## Aim of the task
Return all of the data below verbatim and exclude every picture.

## Raw data
== Segment start ==

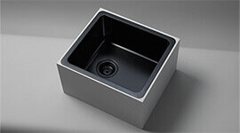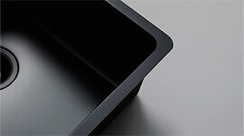 Titan’s matte black PVD features a non-brushed matte surface, delivering uniform colour depth without visible grain or directional marking. This approach produces a cleaner, more consistent finish than traditional brushed colour sinks.
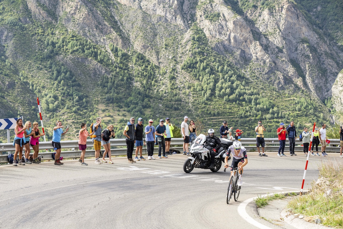 El guion de la etapa se escribió muy pronto y tuvo un arrebato como mecha. “Un corredor del Visma me había dicho que no me dejarían irme en la fuga, que todavía pensaban que podía luchar por la general. Así que decidí inmolarme en la primera subida e irme por patas. Pero en la primera hora de carrera, que la he hecho solo, he sufrido mucho”, reconoció el corredor del UAE. Pronto otros ciclistas lo alcanzarían para formar una fuga, entre los que destacaban el propio Ayuso, Jay Vine, Mads Pedersen —que lucha por la regularidad— o Raúl García Pierna. La escapada, con permiso del pelotón que controlaba Bahrain Victorious, se consolidó con casi cuatro minutos de renta. Vine, ganador el día anterior en Pal, aprovechó para amarrar la clasificación de la montaña, mientras actuaba como gregario de Ayuso, que se reservaba para la gran subida final a Cerler.
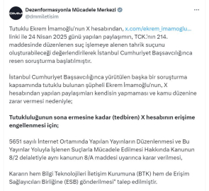 ANKARA, (DHA)- İLETİŞİM Başkanlığı Dezenformasyonla Mücadele Merkezi (DMM), "X platformu, 24 Nisan 2025 tarihli yargı kararının ardından, Ekrem İmamoğlu'nun X hesabına erişim engeli getirmiştir" açıklamasını yaptı.DMM'nin sosyal medya hesabından yapılan açıklamada, "Tutuklu Ekrem İmamoğlu'nun X hesabından, 'https://x.com/ekrem_imamoglu?s=21' linki ile 24 Nisan 2025 günü yapılan paylaşımın, TCK'nın 214'üncü maddesinde düzenlenen 'Suç işlemeye alenen tahrik' suçunu oluşturabileceği değerlendirilerek İstanbul Cumhuriyet Başsavcılığı'nca resen soruşturma başlatılmıştır. İstanbul Cumhuriyet Başsavcılığı'nca yürütülen başka bir soruşturma kapsamında tutuklu bulunan şüpheli Ekrem İmamoğlu'nun, X hesabından yapılan paylaşımları kendisi yapmaması ve kamu düzenine zarar vermesi nedeniyle; tutukluluğunun sona ermesine kadar (tedbiren) X hesabının erişime engellenmesi için; 5651 sayılı İnternet Ortamında Yapılan Yayınların Düzenlenmesi ve Bu Yayınlar Yoluyla İşlenen Suçlarla Mücadele Edilmesi Hakkında Kanunun 8/2 delaletiyle aynı kanunun 8/A maddesi uyarınca karar verilmesi, kararın hem Bilgi Teknolojileri İletişim Kurumu'na (BTK) hem de Erişim Sağlayıcıları Birliği'ne (ESB) gönderilmesi talep edilmiştir" denildi.Söz konusu talebin İstanbul 8'inci Sulh Ceza Hakimliği'nce incelendiği belirtilerek, "Yapılan incelemede hesabın tamamına yönelik erişimin engellenmesi kararı verilmeden teknik olarak söz konusu ihlale ilişkin içeriğe erişimin engellenmesi mümkün olamayacağı gözetilerek, 5651 Sayılı Kanunun 8/A maddesinin 1 ve 3'üncü fıkraları uyarınca şüpheli Ekrem İmamoğlu'na ait X hesabının erişimin engellenmesine karar vermek gerekmiştir. İstanbul Cumhuriyet Başsavcılığı'nın 24 Nisan 2025 tarihli talebi ve 5651 Sayılı Kanunun 8/A maddesinin 3'üncü fıkrası uyarınca İmamoğlu'nun X hesabına erişimin engellenmesine, kararın bir örneğinin 5651 Yasanın 8/A maddesinin 1'inci fırkası uyarınca gereği yapılmak üzere BTK ve ESB'ye gönderilmesine, kararın, 5651 Sayılı Yasanın 8/A maddesinin 1'inci fıkrası uyarınca derhal, en geç 4 saat içinde yerine getirilmesine, 2 hafta içerisinde itiraz yolunun açık olacağına 24 Nisan 2025 tarihinde karar verilmiştir. X platformu, 24 Nisan 2025 tarihli yargı kararının ardından, Ekrem İmamoğlu'nun X hesabına erişim engeli getirmiştir" ifadelerine yer verildi. (DHA)
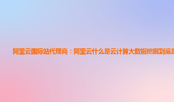 阿里云国际站:阿里云什么是云计算大数据挖掘是什么意思? 在现代科技日新月异的今天,云计算和大数据已经成为推动企业发展的重要技术手段。阿里云作为全球领先的云计算服务提供商,不仅为企业提供了强大的云计算能

== Segment end ==

## The completed task
 Titan’s matte black PVD features a non-brushed matte surface, delivering uniform colour depth without visible grain or directional marking. This approach produces a cleaner, more consistent finish than traditional brushed colour sinks.
 El guion de la etapa se escribió muy pronto y tuvo un arrebato como mecha. “Un corredor del Visma me había dicho que no me dejarían irme en la fuga, que todavía pensaban que podía luchar por la general. Así que decidí inmolarme en la primera subida e irme por patas. Pero en la primera hora de carrera, que la he hecho solo, he sufrido mucho”, reconoció el corredor del UAE. Pronto otros ciclistas lo alcanzarían para formar una fuga, entre los que destacaban el propio Ayuso, Jay Vine, Mads Pedersen —que lucha por la regularidad— o Raúl García Pierna. La escapada, con permiso del pelotón que controlaba Bahrain Victorious, se consolidó con casi cuatro minutos de renta. Vine, ganador el día anterior en Pal, aprovechó para amarrar la clasificación de la montaña, mientras actuaba como gregario de Ayuso, que se reservaba para la gran subida final a Cerler.
 ANKARA, (DHA)- İLETİŞİM Başkanlığı Dezenformasyonla Mücadele Merkezi (DMM), "X platformu, 24 Nisan 2025 tarihli yargı kararının ardından, Ekrem İmamoğlu'nun X hesabına erişim engeli getirmiştir" açıklamasını yaptı.DMM'nin sosyal medya hesabından yapılan açıklamada, "Tutuklu Ekrem İmamoğlu'nun X hesabından, 'https://x.com/ekrem_imamoglu?s=21' linki ile 24 Nisan 2025 günü yapılan paylaşımın, TCK'nın 214'üncü maddesinde düzenlenen 'Suç işlemeye alenen tahrik' suçunu oluşturabileceği değerlendirilerek İstanbul Cumhuriyet Başsavcılığı'nca resen soruşturma başlatılmıştır. İstanbul Cumhuriyet Başsavcılığı'nca yürütülen başka bir soruşturma kapsamında tutuklu bulunan şüpheli Ekrem İmamoğlu'nun, X hesabından yapılan paylaşımları kendisi yapmaması ve kamu düzenine zarar vermesi nedeniyle; tutukluluğunun sona ermesine kadar (tedbiren) X hesabının erişime engellenmesi için; 5651 sayılı İnternet Ortamında Yapılan Yayınların Düzenlenmesi ve Bu Yayınlar Yoluyla İşlenen Suçlarla Mücadele Edilmesi Hakkında Kanunun 8/2 delaletiyle aynı kanunun 8/A maddesi uyarınca karar verilmesi, kararın hem Bilgi Teknolojileri İletişim Kurumu'na (BTK) hem de Erişim Sağlayıcıları Birliği'ne (ESB) gönderilmesi talep edilmiştir" denildi.Söz konusu talebin İstanbul 8'inci Sulh Ceza Hakimliği'nce incelendiği belirtilerek, "Yapılan incelemede hesabın tamamına yönelik erişimin engellenmesi kararı verilmeden teknik olarak söz konusu ihlale ilişkin içeriğe erişimin engellenmesi mümkün olamayacağı gözetilerek, 5651 Sayılı Kanunun 8/A maddesinin 1 ve 3'üncü fıkraları uyarınca şüpheli Ekrem İmamoğlu'na ait X hesabının erişimin engellenmesine karar vermek gerekmiştir. İstanbul Cumhuriyet Başsavcılığı'nın 24 Nisan 2025 tarihli talebi ve 5651 Sayılı Kanunun 8/A maddesinin 3'üncü fıkrası uyarınca İmamoğlu'nun X hesabına erişimin engellenmesine, kararın bir örneğinin 5651 Yasanın 8/A maddesinin 1'inci fırkası uyarınca gereği yapılmak üzere BTK ve ESB'ye gönderilmesine, kararın, 5651 Sayılı Yasanın 8/A maddesinin 1'inci fıkrası uyarınca derhal, en geç 4 saat içinde yerine getirilmesine, 2 hafta içerisinde itiraz yolunun açık olacağına 24 Nisan 2025 tarihinde karar verilmiştir. X platformu, 24 Nisan 2025 tarihli yargı kararının ardından, Ekrem İmamoğlu'nun X hesabına erişim engeli getirmiştir" ifadelerine yer verildi. (DHA)
 阿里云国际站:阿里云什么是云计算大数据挖掘是什么意思? 在现代科技日新月异的今天,云计算和大数据已经成为推动企业发展的重要技术手段。阿里云作为全球领先的云计算服务提供商,不仅为企业提供了强大的云计算能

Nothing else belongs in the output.